I have to agree......they look pretty darn nice! The tiger CRS-red striping looks sweet!


----------



## A Hill (Jul 25, 2005)

oblongshrimp said:


> http://www.gerdvoss.de/Wirbellose/Tigergarnele_rot/tigergarnele_rot.html
> 
> The first pic is suppose to be a red tiger shrimp and the last 2 are a hybrid tiger/crs.
> 
> I saw this link on shrimpnow.


Nice link, I hadn't seen those pictures!



sandiegoryu said:


> Wow that's not too bad looking at all. Wow I'm gonna so interbreed mine.



Please don't. First off the chances are extremely low.

The first picture is not a cross as well, thats why it looks more like a tiger, there are several variations of tiger shrimp colors that are actually quiet old and hard to find. 

-Andrew


----------



## oblongshrimp (Jul 26, 2006)

yes I was told the first pic is a red tiger....not a crossbreed.


----------



## sandiegoryu (Feb 15, 2006)

Fish Newb said:


> Please don't. First off the chances are extremely low.
> 
> -Andrew


Why should I not do so? I'm not going to sell any without telling them that they are not a cross. I'm not even sure that they are still fertile. Chance ARE extremely low but I will still take that chance. I'm not an idiot who will start distributing these are red tigers for the masses or start dumping them out in my nearest local stream.

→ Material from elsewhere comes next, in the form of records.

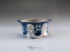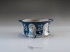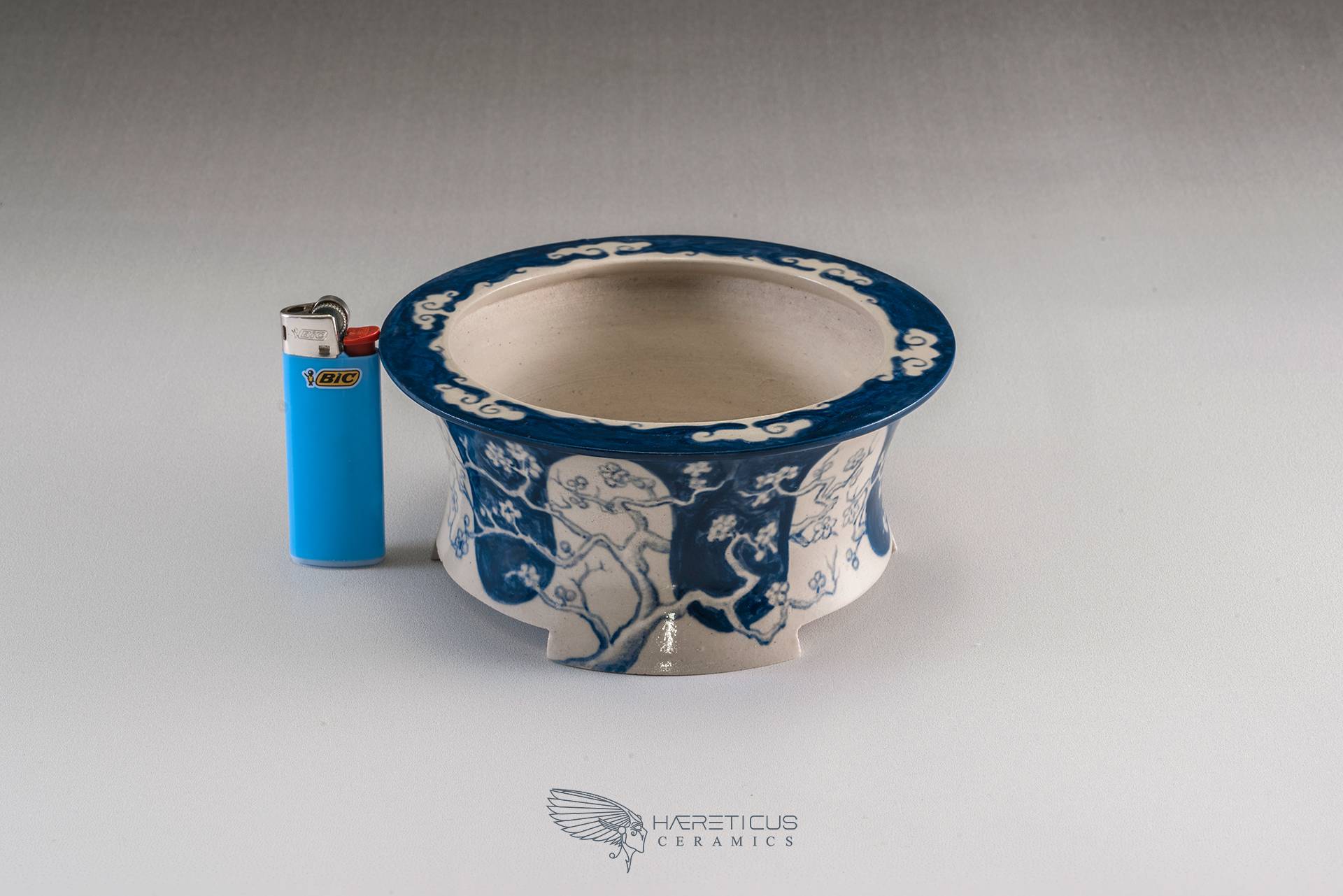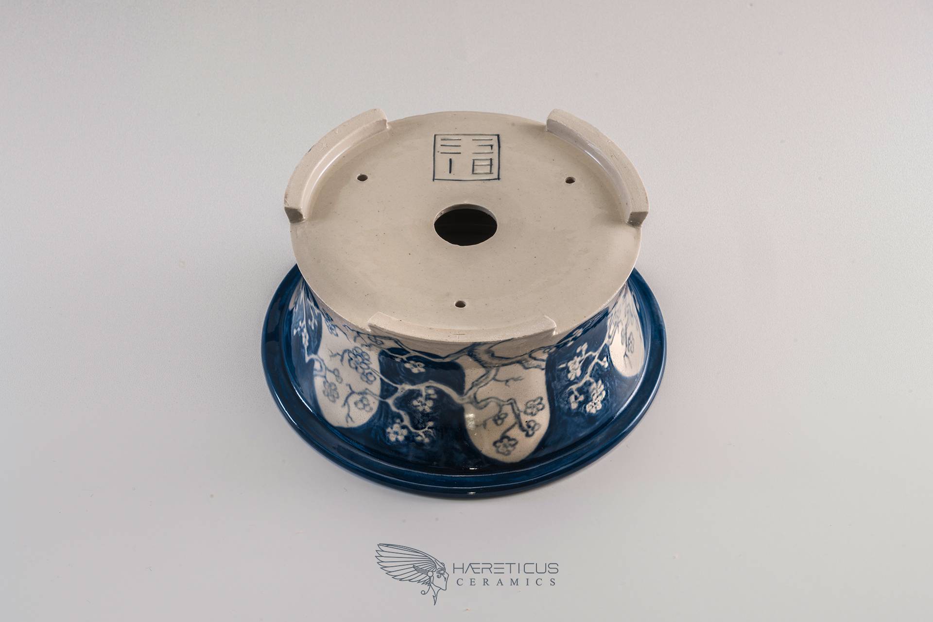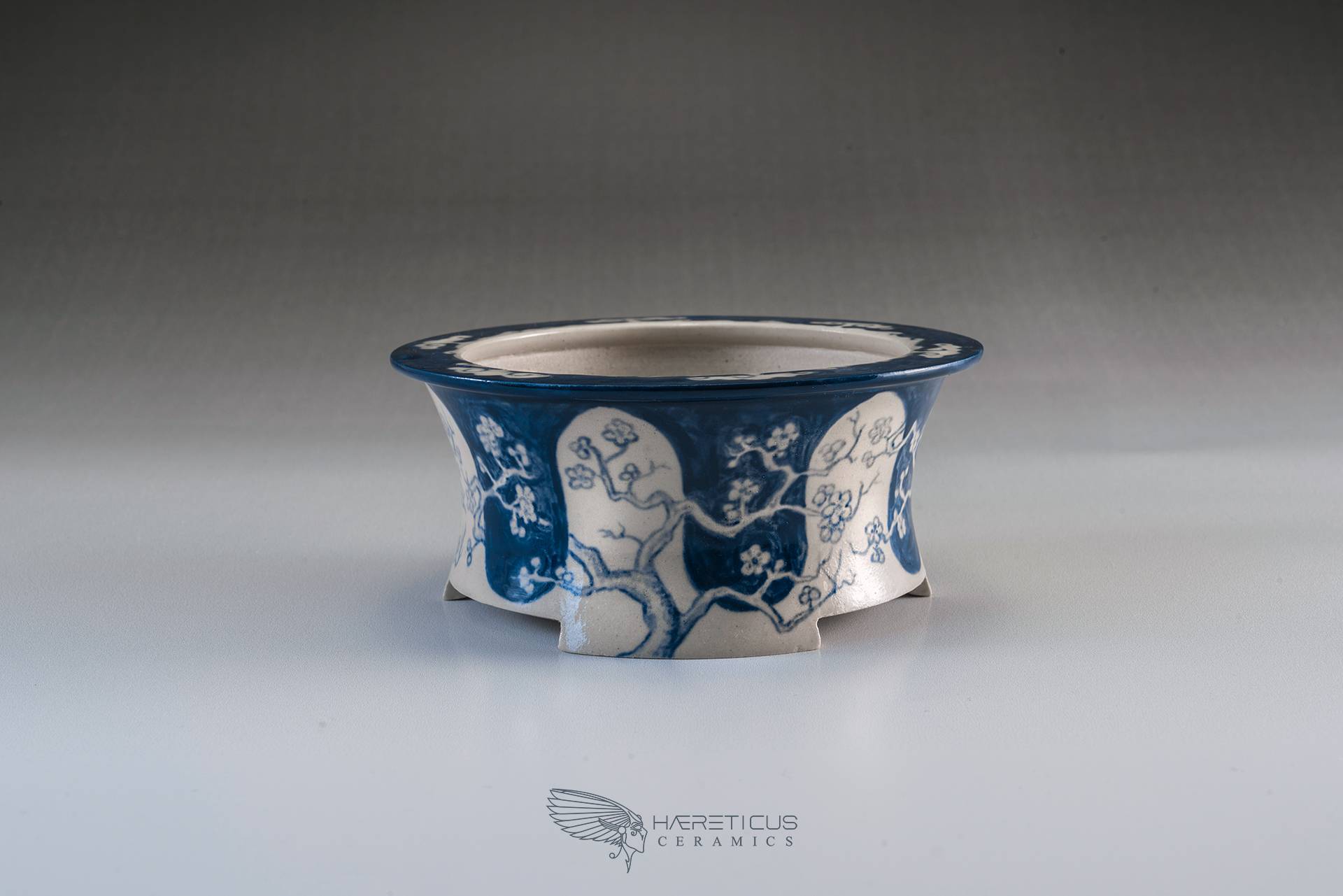 One of my first attempts at the sometsuke technique (blue cobalt gosu ink on withe clay-porcelain): a small stoneware pot for han-kengai or shitakusa. The wavy blue motif, inspired by the ancient Seto ware, is interspersed with three painted flowering trees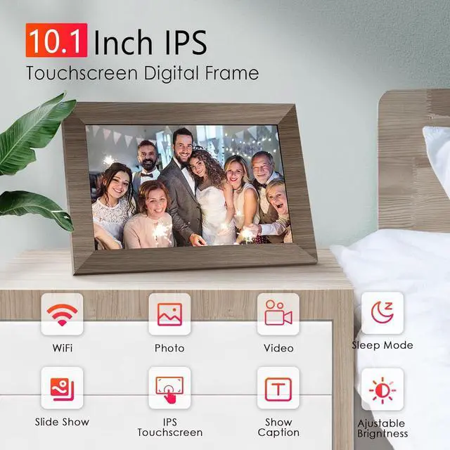 IPS 10.1 Inch Touch ScreenDigital picture frame with 10.1 Inch high definition 1280 x 800 IPS touch screen that can display amazing clear and vivid landscape and portraits, recalling every details of your best moment. Easy-use touch screen provides convenient operation, particularly friendly for older or non techies.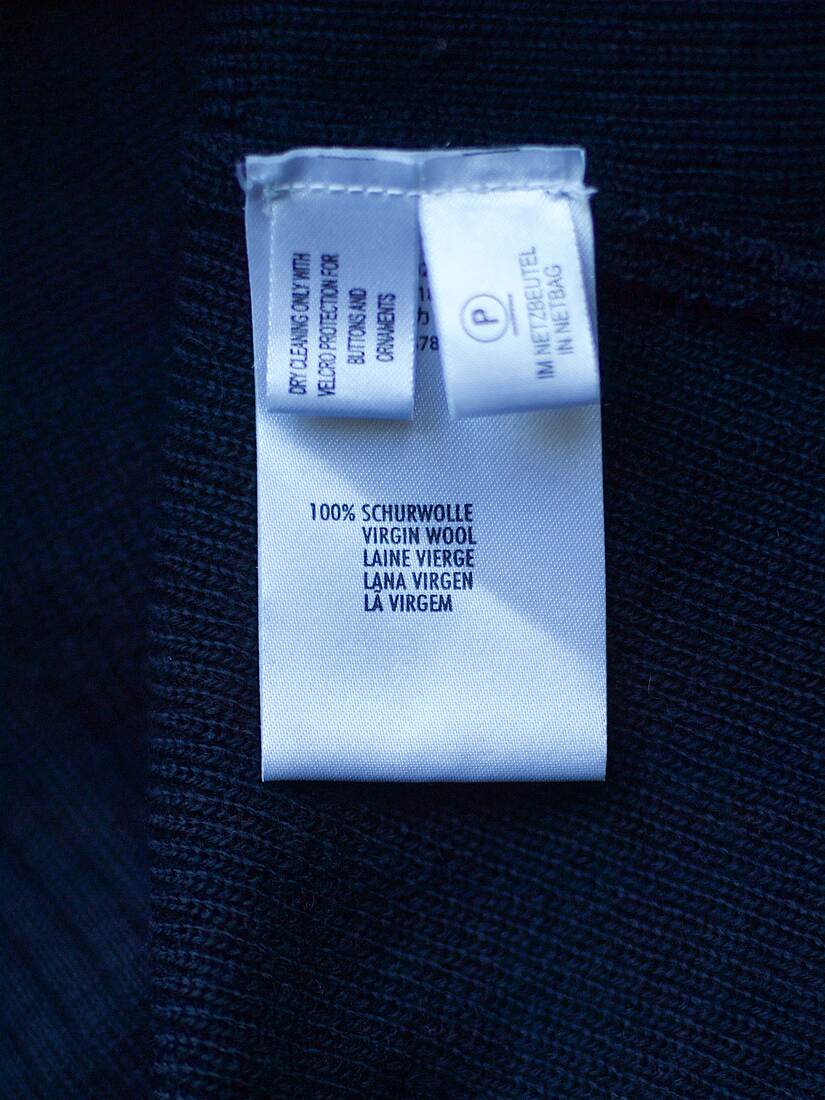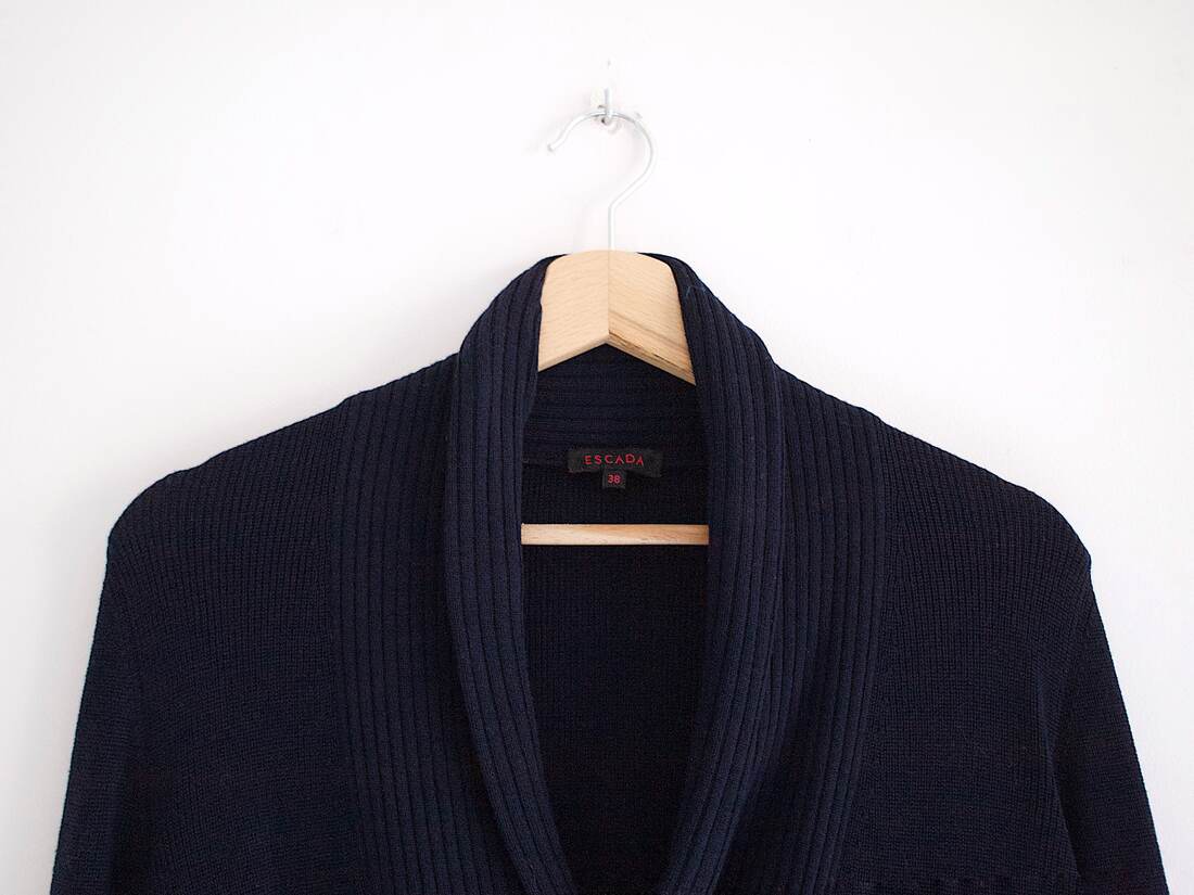 Kardigan domu mody Escada w głębokim granatowym kolorze. Wysoka jakość wykonania, 100% wełna z pierwszego strzyżenia. Zapinany na logowany guzik. Rozmiar z metki 38, idealny stan.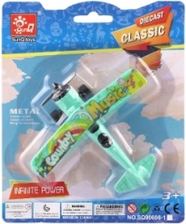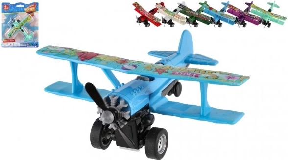 Farebný dvojplošník poteší každého malého pilota. Vďaka spätnému natiahnutiu vyrazí po uvoľnení vpred a pri jazde sa roztočí predná vrtuľa. Odolné vyhotovenie z kovu a plastu, kompaktný rozmer 10 × 11 cm a mix atraktívnych farieb z neho robia skvelú hračku pre deti od 3 rokov.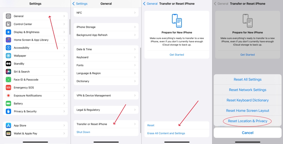 步骤 3.轻敲重置并选择重置位置和隐私。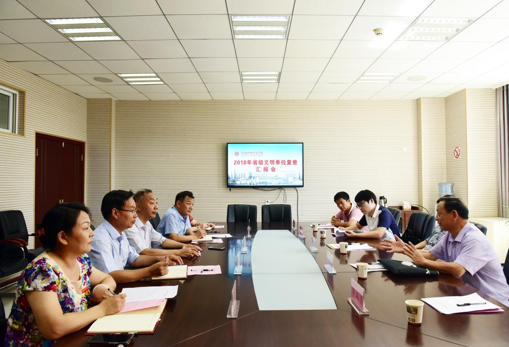 9月4日上午,在组长李文涛主任、市文明办副主任刘金海的带领下,市文明办省级文明单位年度复查工作组莅临我院,对学院的文明单位建设工作进行年度复查。高新区文明办周卫东陪同检查。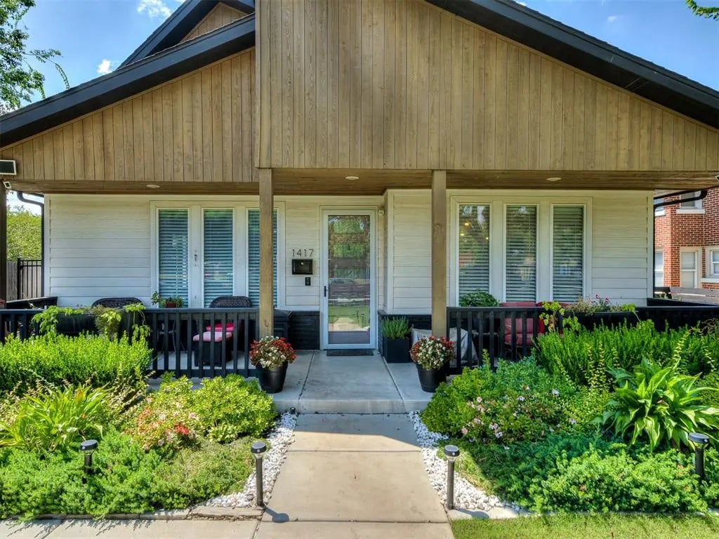 Designed with ease and comfort in mind, this single-level home is perfect for those seeking a forever home in the heart of the city. Step inside to a spacious living room with cathedral ceiling guaranteed to wow your guests, an electric fireplace, and tile floors throughout. The thoughtfully designed kitchen features an island with quartz countertops and room for seating, stainless steel appliances, gas cooktop, coffee bar, and a walk-in pantry. The dining area creates a spacious setting for gatherings, holidays, or casual entertaining. The primary suite has a spacious walk-in closet and provides a private ensuite bathroom with a walk-in shower, soaking tub, private toilet room, and dual vanities. There are two additional bedrooms, each with their own bathroom and walk-in closet. The office overlooks the front garden, while the backroom provides more privacy overlooking the backyard, with a cozy gas fireplace offers additional space for hobbies, reading. The sellers have taken steps to ensure convenience and less maintenance, by equipping the home with a whole-home Generac generator (includes a transferable 10-year warranty), electric gate, sprinkler system, and leaf-guard gutters. Outdoors, the fenced backyard is your private oasis with a pool, open patio, and a StruXure motorized pergola with lights, fans, electricity, and speaker hookups. The detached two-car garage also features a fully equipped studio apartment or bonus game room with kitchenette, bath, laundry hookups, and closets—ideal for long-term guests, a caregiver, or supplemental income. Located minutes from Downtown OKC, the Plaza District, Uptown 23rd, and major highways, you’ll enjoy easy access to dining, entertainment, and healthcare, all while living in a vibrant, growing historic neighborhood.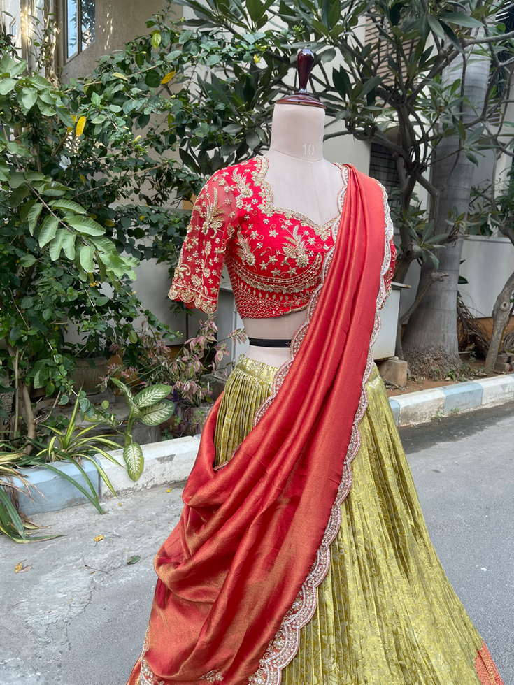 Step into a world of timeless elegance with this Pure kanchi tissue lehenga. Meticulously handcrafted by artisans in Hyderabad, this piece embodies the "personalized imperfection" that defines true luxury. Designed for the modern global woman who cherishes her roots, it blends traditional Kanchipattu with a contemporary silhouette.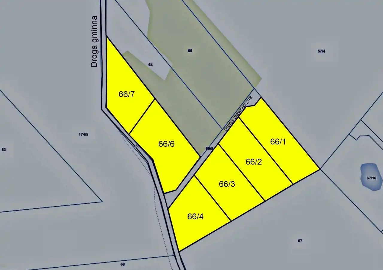 - działka 66/4 o powierzchni 3287m2 w cenie 130 000 zł;

Why else should I not do this?


----------



## aelysa (Oct 20, 2006)

I second that. I think they look great, why not crossbreed if it's for your own enjoyment?


----------



## Unchin (Oct 28, 2003)

So what do you guys think? Are theses hybrids or just really low grade?


----------



## mr.sandman (Nov 7, 2006)

That's a low grade CRS. I have a few looks just like that.


----------



## wood (Nov 15, 2006)

Unchin said:


> So what do you guys think? Are theses hybrids or just really low grade?


low grades...


----------



## frozenbarb (Dec 16, 2006)

But the in the last picture looks like A grade


----------



## Unchin (Oct 28, 2003)

I see. Thanks that's good news. I was hoping not to have any crossbreeds.


----------